At the National Museum of American Art
Really good posters have a way of sticking with us. A few, perhaps rolled up and dog-eared, have been just too hard to toss out as we pack and unpack our way through life. What New Yorker doesn't remember the priceless advertisement for rye bread — "You don't have to be Jewish to love Levy's" — that brightened grimy subway platforms for years? Or how about the '60s rock posters from the Fillmore and other San Francisco haunts, hawking concerts by Jefferson Airplane, the Grateful Dead, Jimi Hendrix and other legends of that psychedelic decade?
These are among the 120 classic posters — once considered ephemera, now considered collectibles — in an exhibition entitled "Posters American Style" at the National Museum of American Art (the show will later travel).

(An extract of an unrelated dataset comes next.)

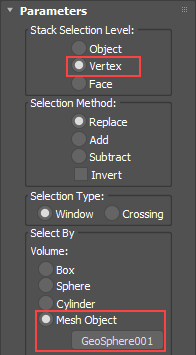 As the geosphere moves through the cylinder, vertices from Cylinder001 that are inside GeoSphere001 are selected.

Guest-curated by Therese Thau Heyman, who also wrote the exhibition catalogue, the show covers the century from 1895 to 1995. The posters shown here were the kickoff, as inventive graphic artists such as Maxfield Parrish (whose 1897 lithograph for the Adlake Camera is shown below), Arthur Wesley Dow, Florence Lundborg and Edward Penfield borrowed freely from Art Nouveau, Japanese design and photography. They set the aesthetic bar very high for their successors; come to the exhibition and judge for yourself whether they measured up.
And, in the meantime, where did you stuff those rolled-up old posters the last time you moved?